If you have a case that is pending at a hearing office, I would suggest reviewing the eCAT report to see what the DDS examiner wrote.

The second fraudulent assertion that Kumar made was that the CE was needed because there was insufficient evidence to evaluate the claim. The file contains over a hundred pages of treatment records, functionality opinions, and diagnostic testing. To compound matters, I sent a detailed seven page single spaced letter to the DDS, asking them to identify any additional medical evidence that they claimed was needed to evaluate the claim. As always, instead of specifying a single piece of medical evidence they purportedly needed, the DDS simply sent a second CE notice, despite my having sent them that detailed letter, which among other things stated: 

"In order for me to have the chance to obtain the information that you claim you need, you need to clarify precisely what information you are seeking. Simply resending a notice with a new CE date fails to fulfill your responsibility to develop the record, and shows that you lack any valid reason for the CE."

Kumar’s third fraudulent misrepresentation was that stating “No RFC /MRFC assessments are associated with this claim.” Contrary to Kumar’s unambiguous statement, the eFolder contained, not one, but two, Residual Functional Capacity (“RFC”) assessments. In fact, the RFC from the claimant’s orthopedist appears in the eFolder twice. There was also an RFC from the claimant’s cardiologist. It was impossible for Kumar to have missed all three reports when reviewing the claimant’s file. Nonetheless, Kumar stated in no uncertain terms that no RFC assessment was in the eFolder. 
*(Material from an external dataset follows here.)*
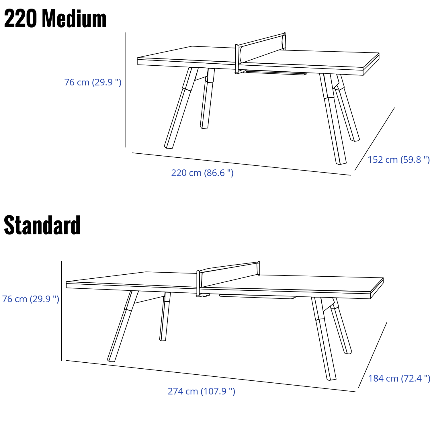 The You and Me inludes a regulation-size wooden table tennis play surface, that gives consistent ball performance and control during use. It's available in two different sizes to best suit your room requirements; either a standard, regulation table tennis size option or a compact 220 medium-sized option that's ideal for smaller home spaces.

The fourth instance of fraud also concerns the CE. Kumar wrote that the claimant missed both CE appointments. As discussed below, that statement is demonstrably false. However, giving Kumar the benefit of the doubt, it is possible that Kumar was provided with the false information by IMA. 

In the eFolder is form DDD-4184, entitled CE Appointment Notice History. The form DDD-4184 states that the claimant did not keep the appointment for the CE. It is unclear who prepared form DDD-4184, but it is clear that whoever did so, committed fraud. The claimant has photographs of him entering the IMA offices. The claimant also has videotape of him inside the IMA offices, being told to leave by IMA. It is a blatant and undeniable lie that the claimant did not keep the appointment. 

As stated in prior posts, I would advise claimants to videotape their CE. There is nothing in the Social Security statute, regulations, POMS, HALLEX, or case law that precludes videotaping a CE. Furthermore, I secured a copy of the contract that IMA has with the DDS, and there is nothing in it that prohibits videotaping a CE.